There was little snow cover this past season, so he had to take more stands than usual.

Sometimes this can create problems.

"I can't dress warmly to sit all day, and then decide to track at 10 a.m.," Tatro said. "So I keep all my clothes in the truck. If I decide to change tactics, I go back to the truck and swap clothes -- even my boots.

"Every day that we have snow, I'll check out all my spots to see if I can find a big, fresh track to follow. If there's snow, I almost always plan to track first, then sit if I have to."


Tatro has a full arsenal of tricks and tactics he uses from the moment he picks up a big buck's track.

"I like to see what the buck is doing," he said. "Whether it's with a doe, looking for a doe, feeding or headed to its bed. If the buck is with a doe, it's usually easier to catch up with and shoot because it's distracted. With other things on its mind, like breeding that doe, it will make more mistakes, and be less cautious.

"A couple of times, I've jumped the buck, and it didn't run because I didn't spook the doe.

"The buck wasn't leaving unless the doe was leaving too. You have to get really close to a buck and spook it to get it to leave a hot doe.

"If bucks are feeding, they're probably going to bed down soon. I can tell this because they meander when they feed, instead of walking in a straight line, like when they're looking for hot does. I take my time and check out the sign before I commit to an all-out trailing job.

"If the buck is going to bed down, I don't push it. Going slowly, I can almost walk right up to it on his backtrack. They almost always spot you or smell you first.

"I like to make a loop around the buck and keep the wind in my favor," Tatro stated. "I also like to get into an area where I can see better too. Big bucks like to bed down in the edge of thick cover so they can escape through the thick stuff if they have to, or run through the open stuff if a predator comes in through the laurel.

"Most times," he continued, "I get busted, and the buck bounds off. Then I have to make a quick decision, whether to follow, wait, or make a cut on him.

"This all depends on circumstances like conditions in the woods, if the walking is noisy or not, the prevailing wind, if I have it in my favor, how close I was when I jumped the deer, and how the buck reacted. Sometimes it's just a 'gut feeling' or instinct that makes me choose what I'm going to do.

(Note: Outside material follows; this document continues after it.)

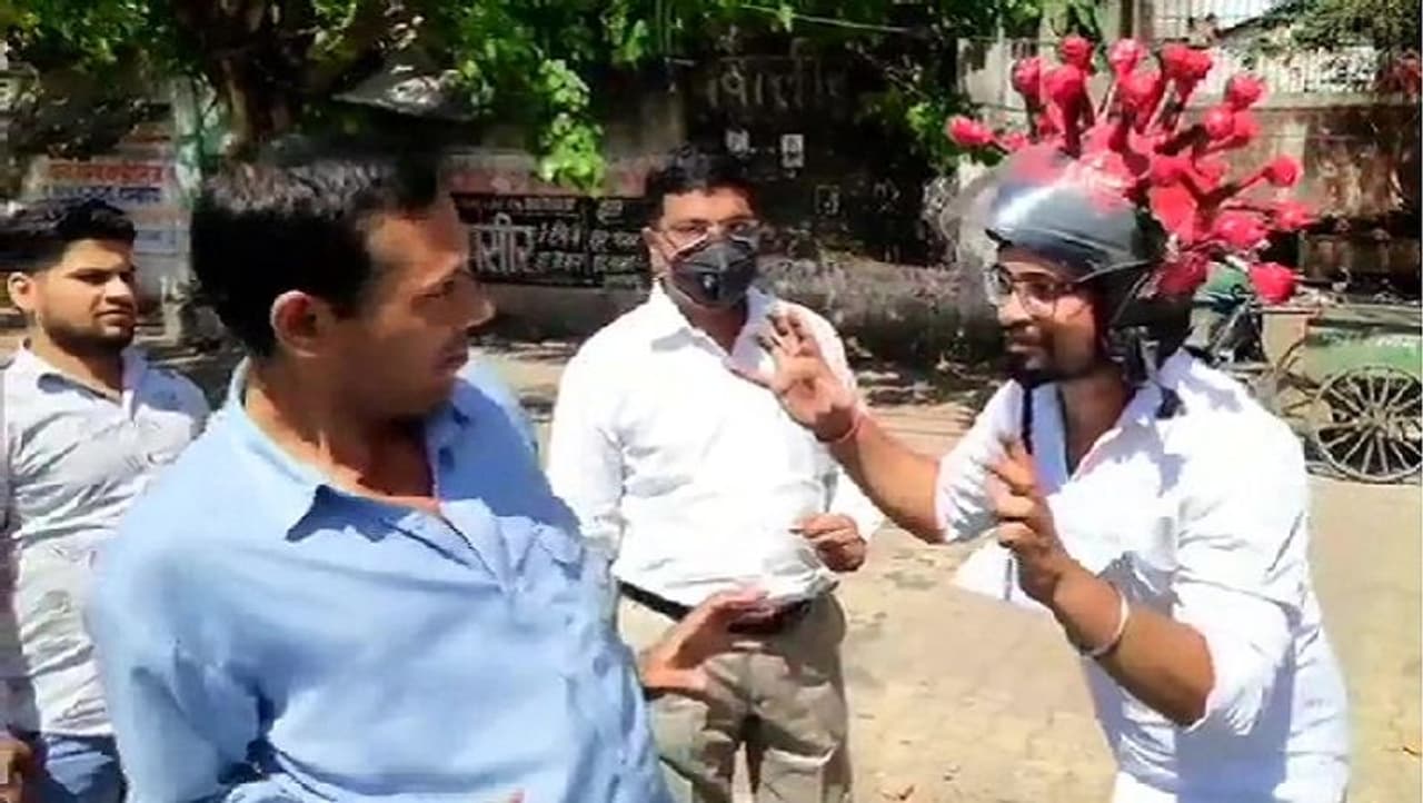 मुरादाबाद (Uttar Pradesh)। कोरोना वायरस के बढ़ते मामलों को लेकर लोग परेशान हैं। इससे लड़ने के लिए प्रधानमंत्री नरेंद्र मोदी ने पूरे देश में 14 अप्रैल तक के लिए लॉकडाउन लागू कर दिया है। इसी बीच मुरादाबाद से कुछ तस्वीरें भी सोशल मीडिया पर खूब वायरल हो रही हैं। इस तस्वीर में एक शख्स सड़कों पर निकलने वालों से अनोखे तरीके से अपील कर रहा हैं। इसके लिए उसने खुद के सिर पर कोरोना वायरस-थीम वाला हेलमेट पहन रखा है और सड़क से गुजरने वालों रोक कर उन्हें जागरुक कर रहा है। पड़ताल में ये तस्वीर मुरादाबाद के सामाजिक कार्यकर्ता विश्वेश पाल की निकलीं, जो लोगों से अनोखे अंदाज में समझाने का प्रयास कर रहे थे।

"It also depends on how well I know the area I'm hunting, if I've jumped this buck before and if he has certain habits that I'm familiar with.

"I'll make a cut on a deer if I think I know where it's going and I can get there first, and downwind. If I jumped the deer and I don't think it's too spooked, I'll chase right after it for 75 yards or so. I've killed a few bucks that ran a short ways then stopped to look back to see if I was following.

"Be ready, though: A buck surprised this way gives you about two seconds before he takes off again.

"If I get real close to a buck and jump it, then I have to wait for the buck to calm down before I start tracking it again," Tatro said. "One of the toughest bucks to kill is the one that knows he's being followed. It'll play games with you like making small fishhook loops so it can watch its backtrack.

"It's hard to get a shot at this buck that constantly keeps just out of sight. If I work a buck like this all day, I can usually get a crack at it. You can anticipate this when you notice that the buck will bound for a few hundred yards, stop and mill around a little bit and then bound again. Some of their tricks are amazing."


"I'll start following a big buck track any time during the day. It doesn't matter if it's 8 a.m. or 3:30 p.m. If it's a fresh track, I'm following it," Tatro declared.

"You never know, this buck could be just over the next knob. What do I have to lose? I can take a stand and hope for a big buck to walk by, or I can follow this track where I know there is a big buck at the end. I'm always confident that whenever I start out on a track, I will catch up with a big buck."

How many deer hunters can say that their name is in the record book for shooting the biggest buck in the state -- even once? Not many!

How many deer hunters can say that their names are in the record book for shooting two state-record bucks?

No one but Bill Tatro. Try using his tactics this season, and see if you'll be the one to bump him out of first place!